Nella serata di ieri milioni di siti Web sono rimasti intrappolati nella guerra che gli Anonymous hanno scagliato contro il provider statunitense GoDaddy. Il riferimento plurale agli Anonymous è però relativo soltanto alla rivendicazione che il gruppo ha fatto propria, ma in realtà la responsabilità dell’azione sarebbe di un solo membro che si è presto autoaccreditato meriti e colpe (a seconda del punto di vista) dell’accaduto.

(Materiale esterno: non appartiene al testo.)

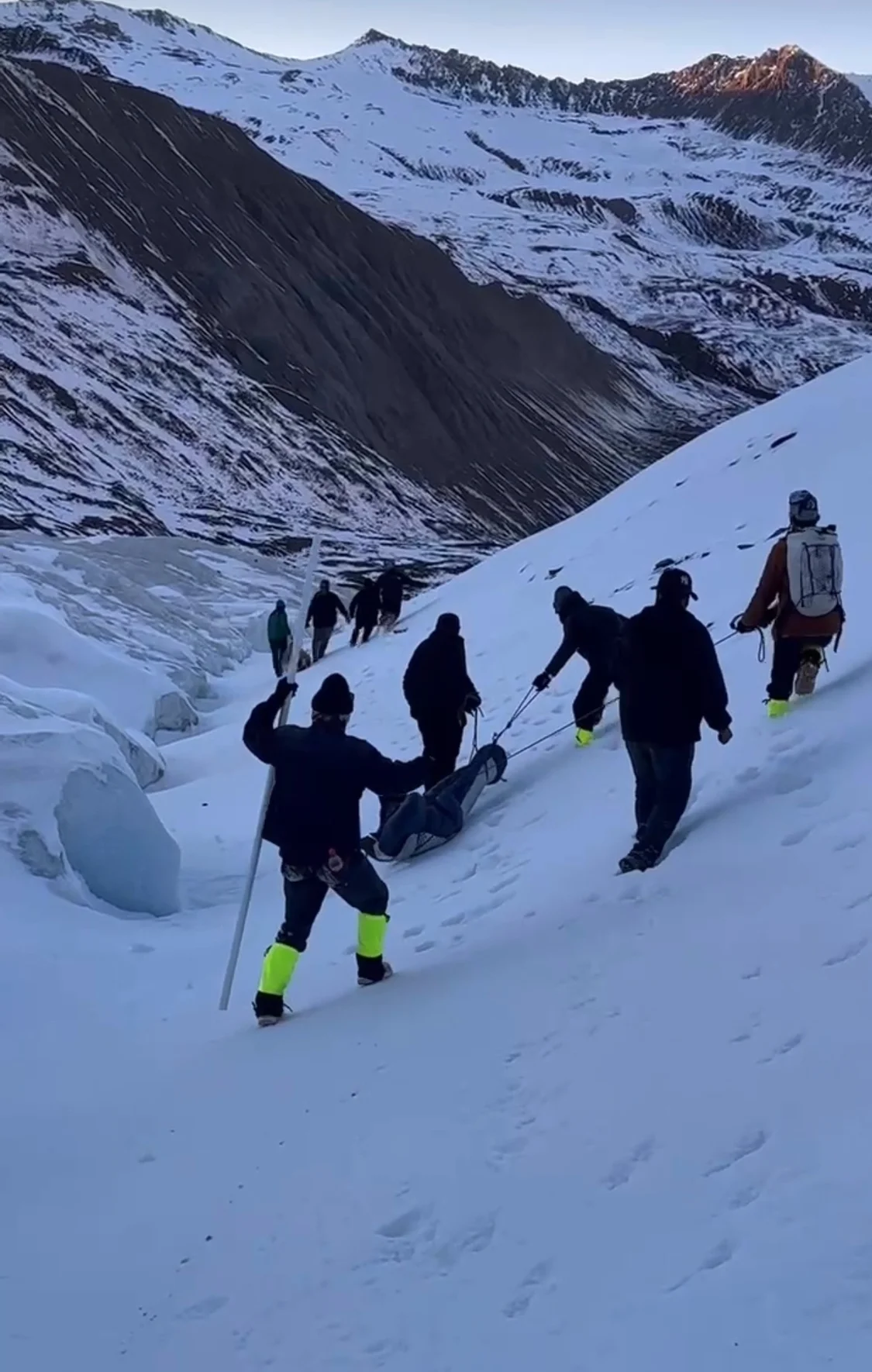 后来,救援队赶到了山上。因为地形复杂,岩石与冰川交错,救援队无法用担架,他们把朱鹏的搭档抬到睡袋上,利用雪地的优势往山下拖着走,遇到障碍物就抬起。两个多小时后,朱鹏在帐篷里见到了搭档,“我们俩相视一笑,因为都活过来了”。

Il membro che ha rivendicato su Twitter l’operazione è denominato AnonymousOwn3r, che gli Anonymous hanno presto salutato con un “bentornato” che lascia intendere già precedenti contatti tra le parti. L’esito è stato un “Tango Down” durato ore e che soltanto nella mattinata di oggi inizia ad incontrare i primi segni di ritorno alle attività. Bloccate, nella fattispecie, tutte le attività del provider: dall’hosting ai DNS, fino alle caselle email ed i servizi di assistenza. Gran parte della clientela GoDaddy è stata pertanto bloccata per ore e con essa migliaia di piccole aziende, blog e siti personali.
Non è chiara al momento la motivazione dell’attacco, ma già in passato GoDaddy è stata al centro delle polemiche a seguito di un pubblico supporto alla SOPA che ha consigliato anche a Wikipedia di trasferire le proprie attività verso un provider differente. Nulla, al momento, consente però di ricollegare i fatti di allora con il Tango Down odierno.
Nel comunicare agli utenti il ritorno alle attività tramite i propri Status Update, GoDaddy rilascia anche un aggiornamento fortemente atteso fin dall’inizio del black-out: nessun dato personale sarebbe stato compromesso durante l’attacco, il che limita alle sole funzionalità del servizio gli effetti dell’attacco giunto dagli Anonymous.